Much of the last week was devoted to preparation for the Different Voices concert. On the final Saturday morning of the festival, however, Helen and I decided to share our work one last time before leaving the incubator. I hadn’t arrived at any new insights since the sharing from the previous weekend, but I hoped for the clarity which sometimes comes when people watch you work it out. As it turns out, there were no new sparks of clarity from the doing, but the combination of pointed questions, admitted bias, and the inevitability of going home allowed for some serious soul stirring. I don’t perceive a change in the movement vocabulary as the section progresses. In her body she is in the same place. I’m have a bias for movement invention. The black body is marked. And having seen the piece in rehearsal three times in three weeks, Vic Marks asked, for the third time … What’s your perspective on this topic? It’s complicated, but I answered.
It has turned out to be a risky business, this solo-making. I’m probably too unresolved about the piece’s inspiration, my body’s fairly recent revolt … and have probably been approaching the material far too clinically as a result.

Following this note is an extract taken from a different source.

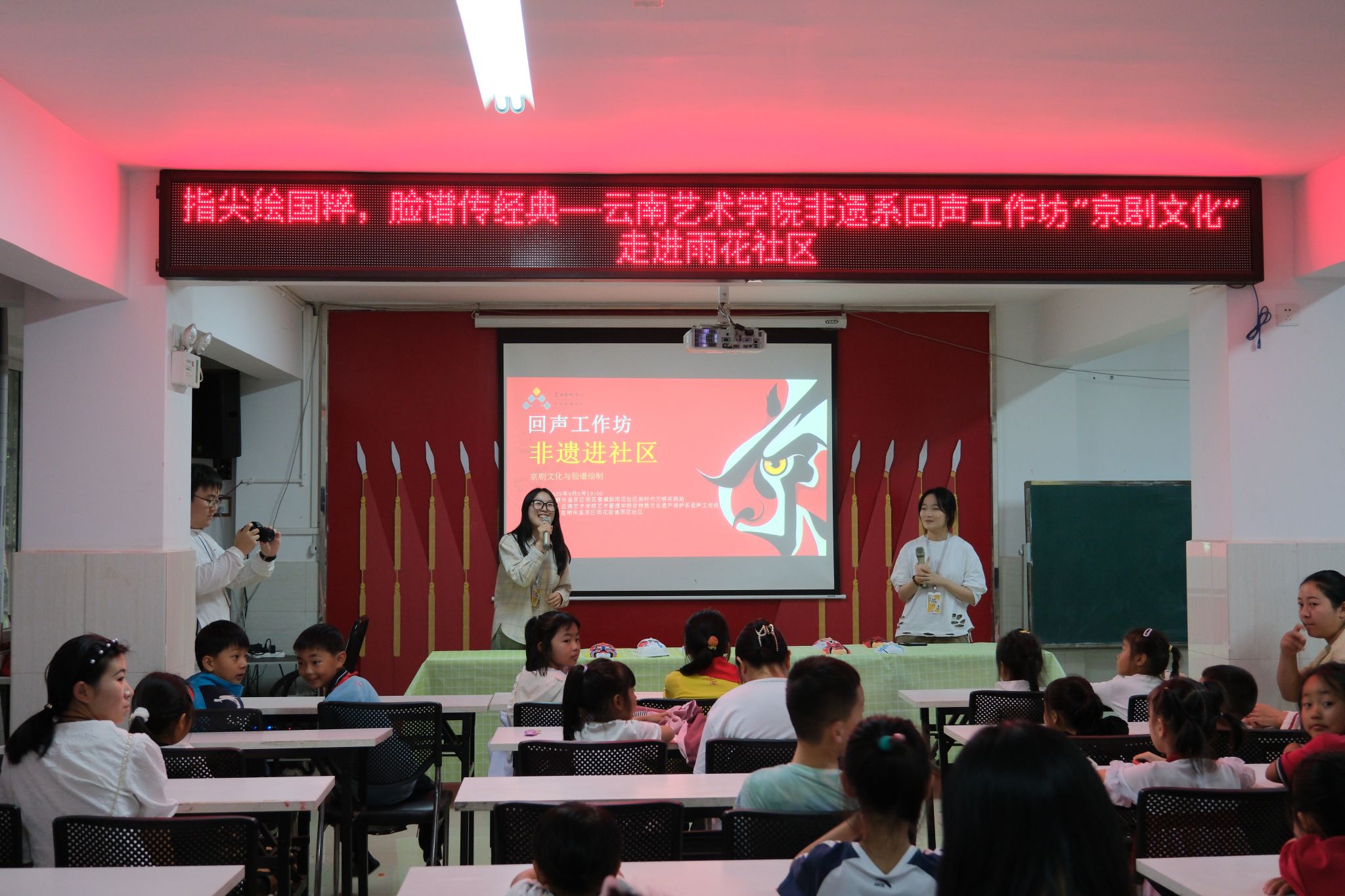 2025年9月5日,ylg060net永利娱高非物质文化遗产保护系“回声”工作坊走进昆明市呈贡区雨花社区,举办了以“指尖绘国粹,脸谱传经典”为主题的京剧文化科普与脸谱绘制体验活动。

I have not yet moved beyond the relatively neutral reporting of facts, but there were glimpses of something else. One particular assignment in Cynthia’s text and movement class allowed me to channel this something else through one small portion of text, and I have been trying to re-access it ever since. It was as if the door had been cracked just enough to indicate the presence of a deluge just beyond. But I guess it doesn’t all come at once, and I should probably be grateful. In the meantime, I am interested in looking more closely at the movement, and the sensation of the experiences I am recounting as they live in my body. In what cells are these memories hiding, why do these memories decide to sing/speak/move, and why have I invited other people into this retrieval exercise in the first place?